Newborn screening for cystic fibrosis (CFNBS) has revolutionized the diagnosis and early management of this common, inherited disease. CF NBS is performed in 22 European countries although using different strategies.
CFNBS has introduced in Latvia in July of 2019 using a strategy that combines the detection of immunoreactive trypsinogen (IRT), sweat test, and DNA analysis for CFTR.
The aim of the study is to evaluate CFNBS experience in Latvia. Data were gathered and evaluated for CFNBS from July 2019–December 2020. IRT was measured by fluorometric enzyme immunoassay, with a cutoff value of 70 µg/l. In case if the IRT is elevated for the first time (IRT1), the IRT level was detected for the second time (IRT2). All infants with elevated IRT2 were selected for a sweat test by Macroduct system and CFTR analysis – started with the detection of p.Phe508del and p.Ser18ArgfsX16 (CFTRdele2,3) variants, followed by Sanger sequencing and MLPA. 27057 neonates underwent CFNBS. Of these 490 (1.8 %) neonates had elevated IRT1, and 85 (0.3%) neonates had elevated IRT2. The sweat test was performed for 80 (94%) infants – there were no one borderline results, in four cases sweat test was positive (>60 mmol/l), 5 (6 %) of cases parents refused from test due to COVID-19 pandemic.

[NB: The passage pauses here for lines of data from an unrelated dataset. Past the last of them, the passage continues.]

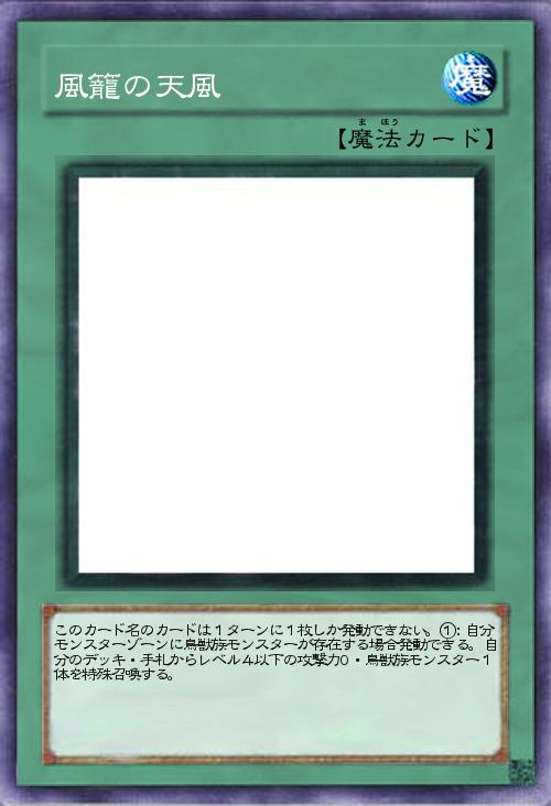 | このカード名のカードは1ターンに1枚しか発動できない。①:自分モンスターゾーンに鳥獣族モンスターが存在する場合発動できる。自分のデッキ・手札からレベル4以下の攻撃力0・鳥獣族モンスター1体を特殊召喚する。 | |||
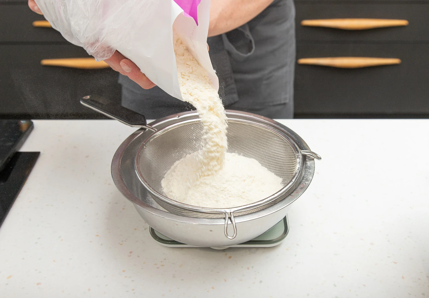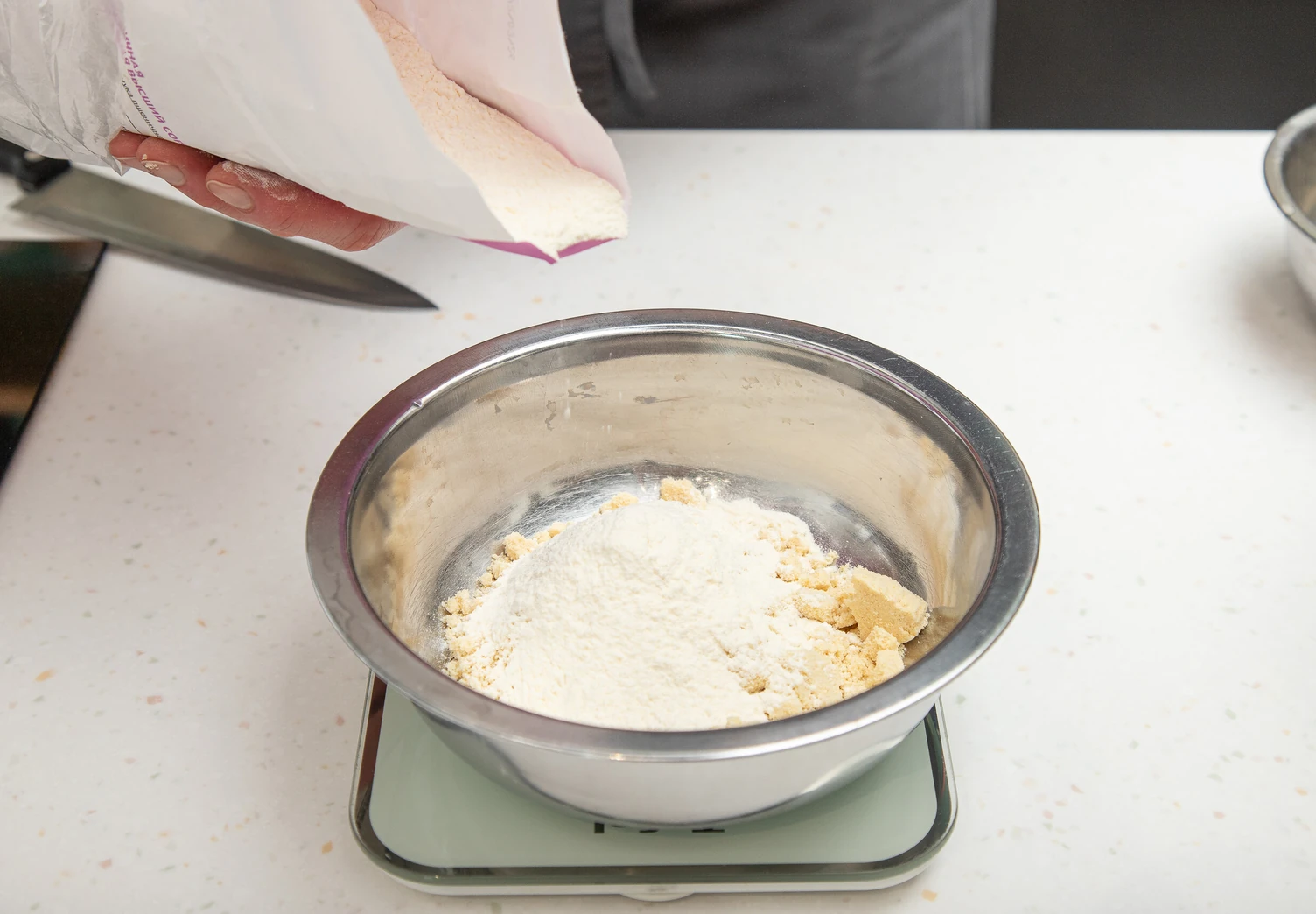Смешайте муку, разрыхлитель, миндальную и сахарную пудру в глубокой миске.
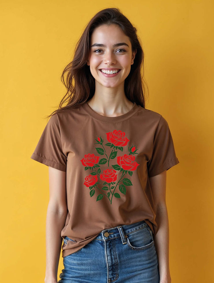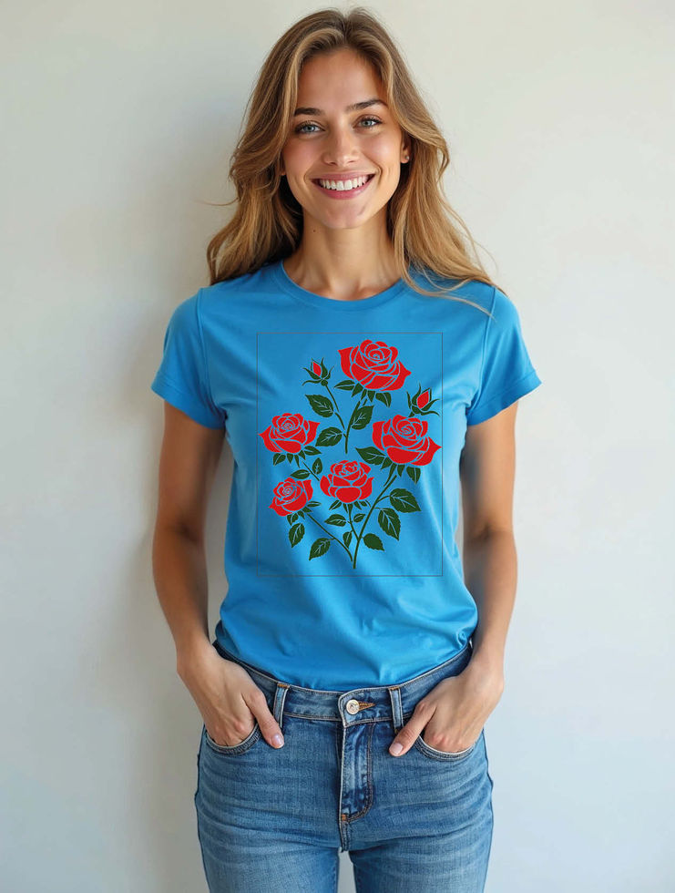 Bold Red Rose Bouquet Stylish Women’s Graphic T-Shirt – Limited Stock
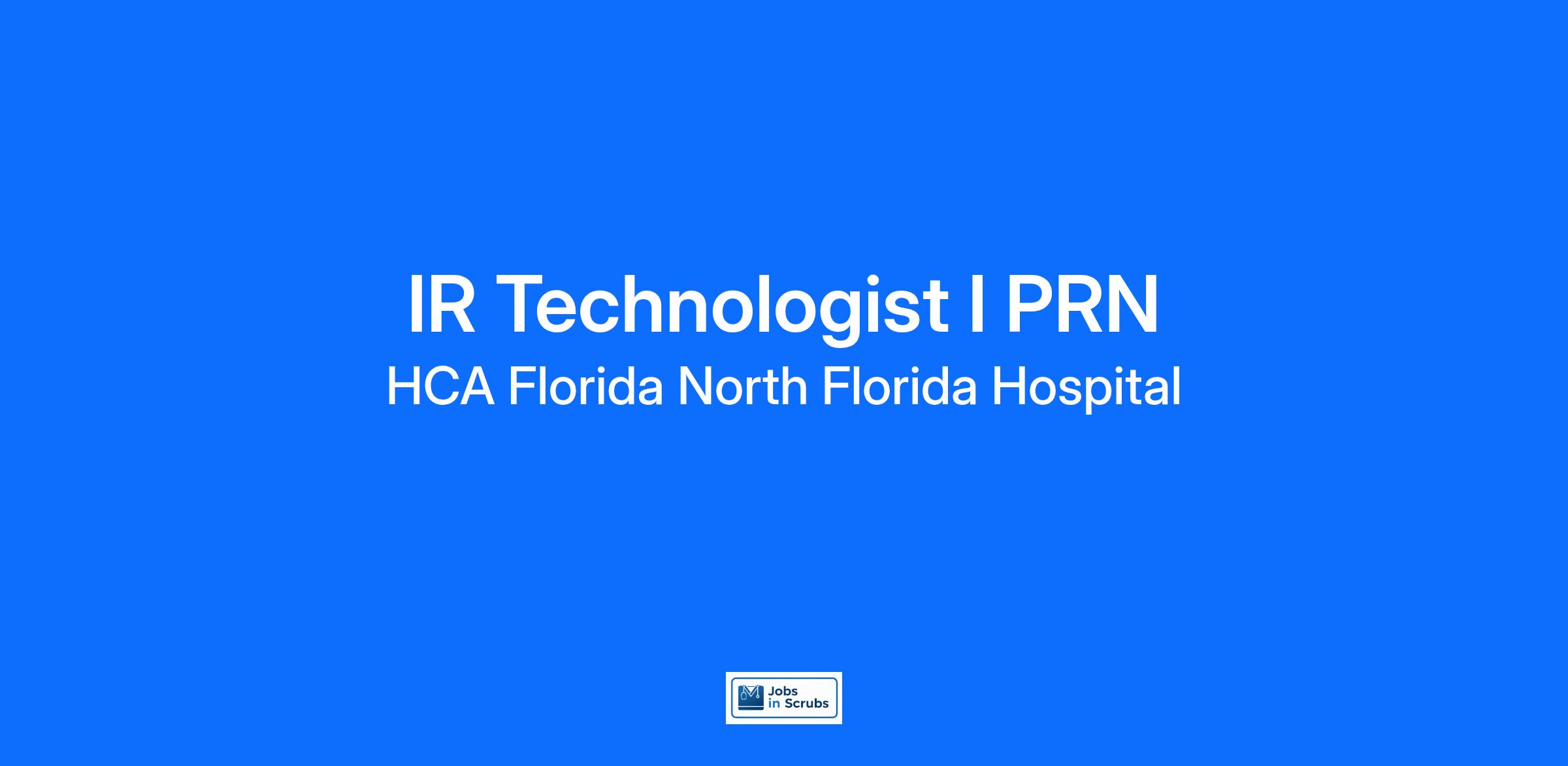 Do you want to join an organization that invests in you as a(an) IR Technologist I PRN? At HCA Florida North Florida Hospital, you come first. HCA Healthcare has committed up to $300 million in programs to support our incredible team members over the course of three years.
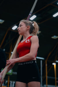 Ein besonderer Moment für Lale Luise Mesch: Die erst 15–jährige Stabhochspringerin der LG Lippe–

Since CFNBS was introduced, CF was confirmed molecularly in four cases (all of them had positive sweat test) with the following genotypes: p.[Phe508del];[Phe508del]) in three cases, and one – p.[Ser168Leu];[Leu1335Pro]. In five cases the carrier status was confirmed (with normal range sweat test) with genotypes: p.[Phe508del];[=], p.[Arg553Ter];[=], and p.[Leu138dup];[=]. In all individuals who have elevated IRT twice and positive sweat test, the molecular analysis should be done starting with the detection of p.Phe508del and p.Ser18ArgfsX16 (CFTRdele2,3) variants following with CFTR gene sequencing and MLPA analysis.